** About this task **
Each line of the data is to be output verbatim, with the images removed.

** Dataset excerpt **

= Beginning of Section =

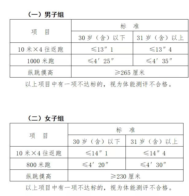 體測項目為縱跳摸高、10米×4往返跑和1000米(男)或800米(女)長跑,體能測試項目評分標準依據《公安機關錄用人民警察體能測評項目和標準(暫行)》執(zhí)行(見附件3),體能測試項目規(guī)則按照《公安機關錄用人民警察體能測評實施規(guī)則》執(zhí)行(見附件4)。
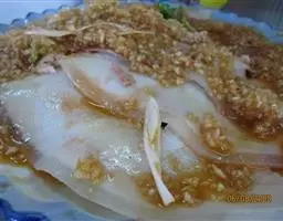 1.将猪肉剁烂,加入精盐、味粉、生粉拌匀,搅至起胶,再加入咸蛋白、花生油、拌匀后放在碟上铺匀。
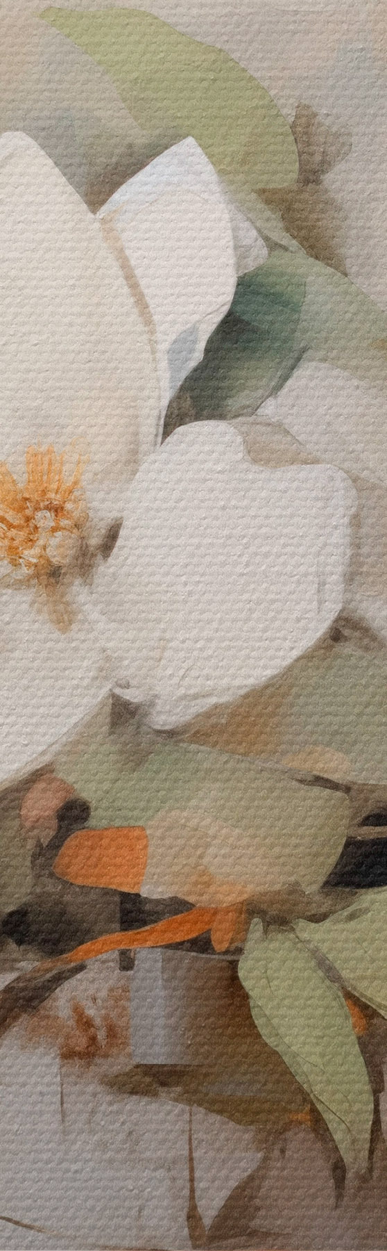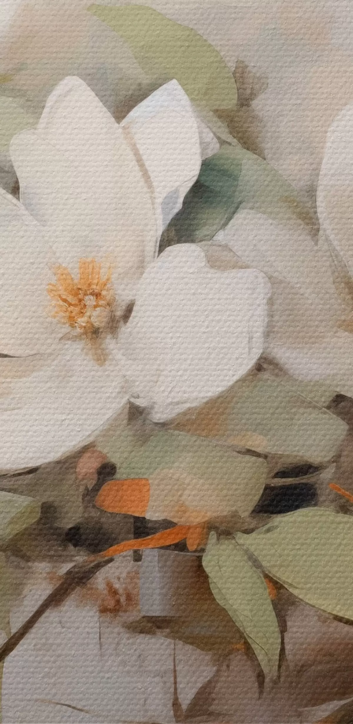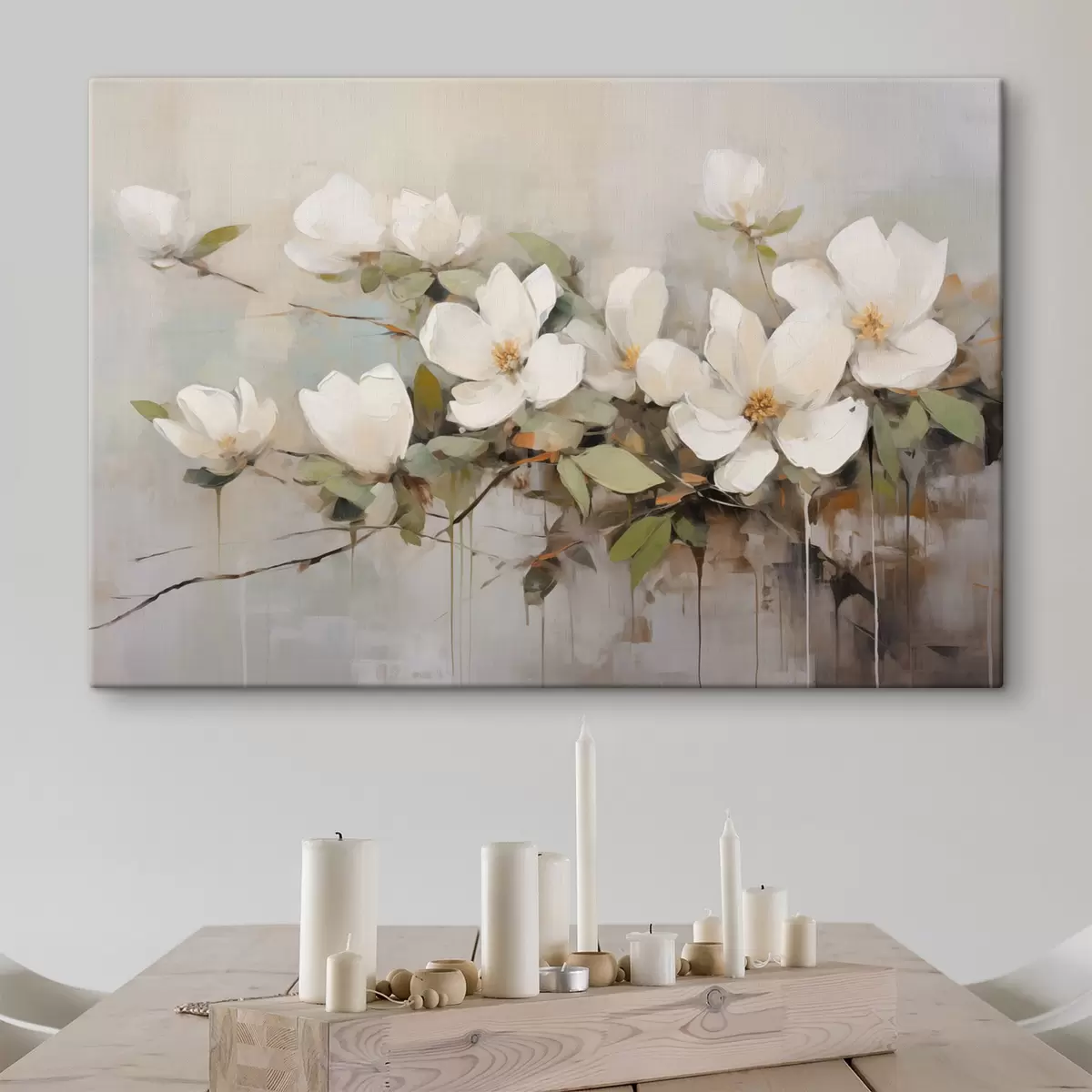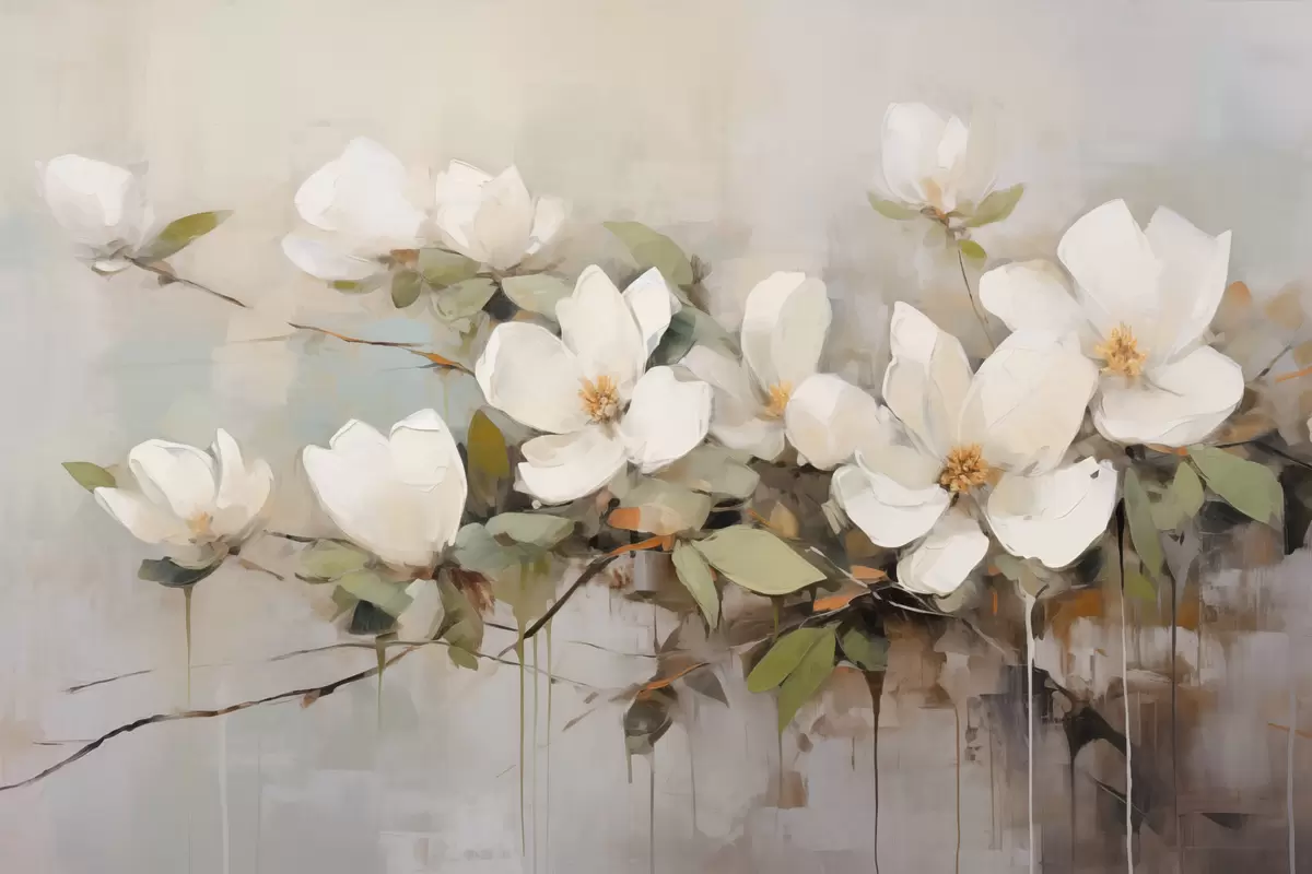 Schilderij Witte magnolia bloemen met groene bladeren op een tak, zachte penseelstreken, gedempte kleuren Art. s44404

= End of Section =

** Exercise result **
 體測項目為縱跳摸高、10米×4往返跑和1000米(男)或800米(女)長跑,體能測試項目評分標準依據《公安機關錄用人民警察體能測評項目和標準(暫行)》執(zhí)行(見附件3),體能測試項目規(guī)則按照《公安機關錄用人民警察體能測評實施規(guī)則》執(zhí)行(見附件4)。
 1.将猪肉剁烂,加入精盐、味粉、生粉拌匀,搅至起胶,再加入咸蛋白、花生油、拌匀后放在碟上铺匀。
 Schilderij Witte magnolia bloemen met groene bladeren op een tak, zachte penseelstreken, gedempte kleuren Art. s44404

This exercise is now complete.